As far as we know, this is the first study to develop the ML model to preoperatively predict LNM in BUC patients using demographic, pathological, imaging, and laboratory data. The high AUCs in both training set and testing set demonstrated the high accuracy and discrimination ability of our model, and the large sample size guaranteed the stability of our results. Besides, the preoperative variables we selected were easily to get, facilitating the application of our model in clinical life.

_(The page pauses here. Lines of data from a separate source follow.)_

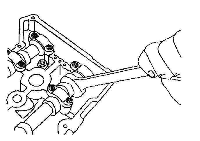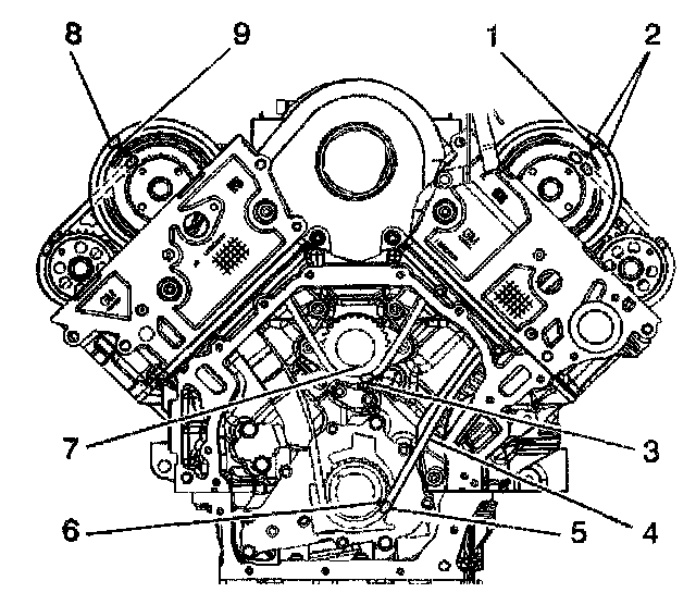 1. Remove the camshaft covers. Refer to Camshaft Cover Replacement (Front) or Camshaft Cover Replacement (Rear).
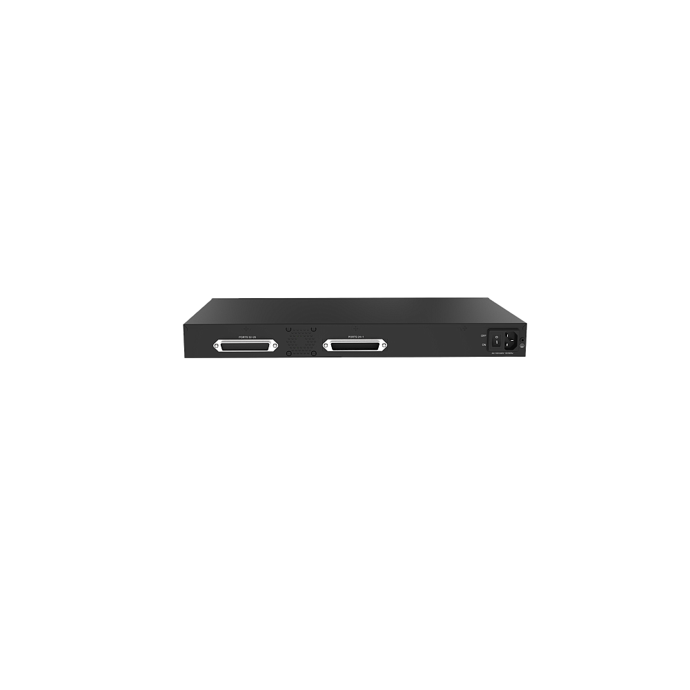 | Физические характеристики | LAN: 1 (10/100Mbps) WAN: 1 (10/100Mbps) 32 порта FXS 1 порт Telco 1 x 50 pin Размер: 440х250x24мм Питание: AC 100~240В/50~60Гц, 12B 5.5A Рабочая температура: от 0°C до 40°C Температура хранения: -20°~65° Влажность: 10~90% |
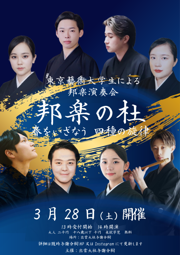 3月28日㈯に、出雲大社与謝分祠にて、邦楽演奏会を開催することが決定しました!
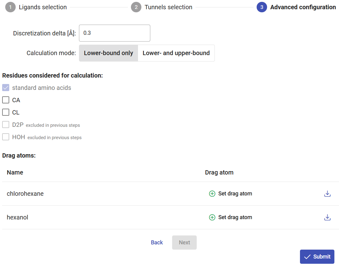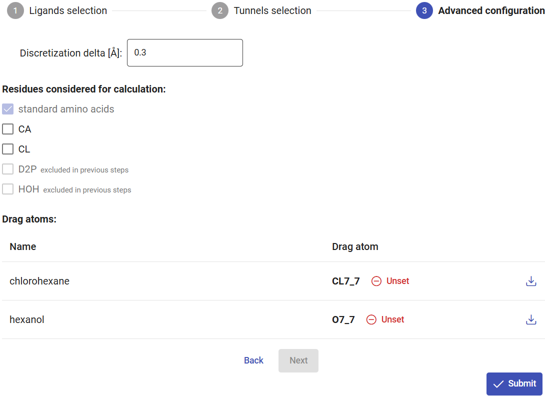 Click on “Next” for advanced configurations, or on “Submit” to proceed immediately with the CaverDock calculations.
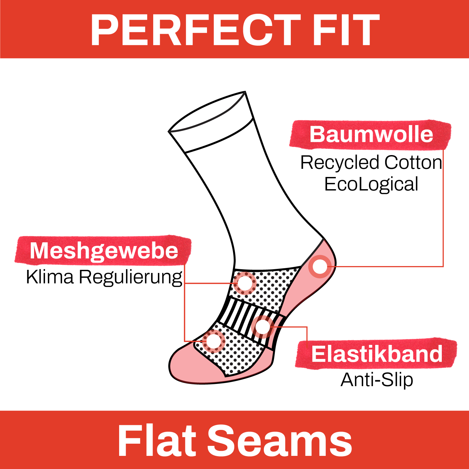 Die Chili Lifestyle Print Socken sind aus hochwertigen Materialien gefertigt, die hohen Tragekomfort und Langlebigkeit garantieren. Die Sohle besteht aus 65% Baumwolle, 32% Polyester und 3% Elasthan, der Schaft aus 100% Polyester. Diese Kombination aus recycelter Baumwolle und Polyester bietet nicht nur einen hohen Tragekomfort, sondern schont auch die Umwelt. Um möglichst kurze Lieferwege und höchste Produktionsstandards zu gewährleisten, werden alle Chili Lifestyle Socken ausschließlich in Europa produziert.
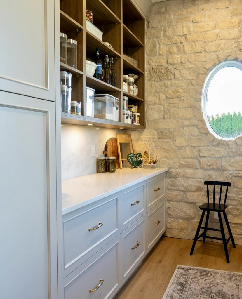 It blends modern cabinetry with rustic textures. This pantry brings forth scullery ideas inspired by European kitchens. Deep drawers balance out the open shelving idea for maximum organization, while the round window is integrated into the layout to flood the space with light. In contrast, the warm stone wall recalls timeless farmhouse charm while keeping an appliance counter below the cabinets for smart little gadget and food prep zones. A truly versatile and welcoming pantry is born from combining these old-world textures with the modern cabinet ideas.
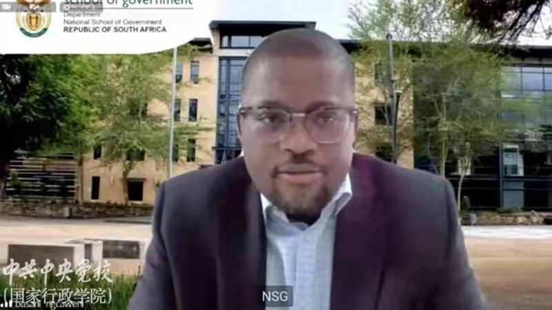 陳曉東代表中國駐南非大使館對研修班的順利舉辦表示祝賀。他指出,在百年未有之大變局和百年未有之大疫情相互交織、相互激蕩的背景下,中南兩國國家行政學院組織此次線上“公共管理研修班”,聚焦國家治理體系和治理能力現代化的建設,相互交流、取長補短,既是提升學員公共管理能力的現實需要,也是兩國間相互學習、共同進步的長遠要求。他表示,加強治國理政經驗交流,是不斷豐富中南全面戰略伙伴關系的應有涵義,也是兩國持續推進國家建設和應對新冠肺炎疫情挑戰的必然要求。中國駐南非使館愿為兩國國家行政學院深化各領域交流牽好線、搭好橋、服好務。歡迎各位學員在疫情結束后有機會多到中國去走一走、看一看。

Nevertheless, this study also had some limitations. First, the inaccurate data selection and the introduction of other potential confounders could not be eliminated due to the retrospective study design. Second, we only conducted the internal validation of all ML models and identified SVM model as the best model. The external validation with large sample size should be furtherly conducted. Third, several clinical trials and retrospective studies proved the survival benefit in BUC patients with neoadjuvant cisplatin-based chemotherapy [34,35,36]. Although neoadjuvant cisplatin-based chemotherapy has become the standard of care for cNOM0 patients with MIBC, we did not analyze the influence of neoadjuvant chemotherapy on LNM due to the lack of data. The relationship between neoadjuvant chemotherapy and LNM in patients with radical cystectomy should be explored with large sample size in the future. Finally, we only collected traditional pathological features of TURBT and traditional imaging data. One recently published study collected new pathological characteristics and radiomics features using deep learning algorithm and constructed the deep learning model to predict LNM in prostate cancer [37]. Thus, the micro variables of pathology and radiomics could be included and used to construct prediction model using deep learning in the future.

Conclusions

We developed and validated the ML models to preoperatively predict LNM in BUC patients received RC, and identified that the SVM model with 14 variables had the best performance. The SVM model displayed high levels of accuracy and clinical applicability by internal validation.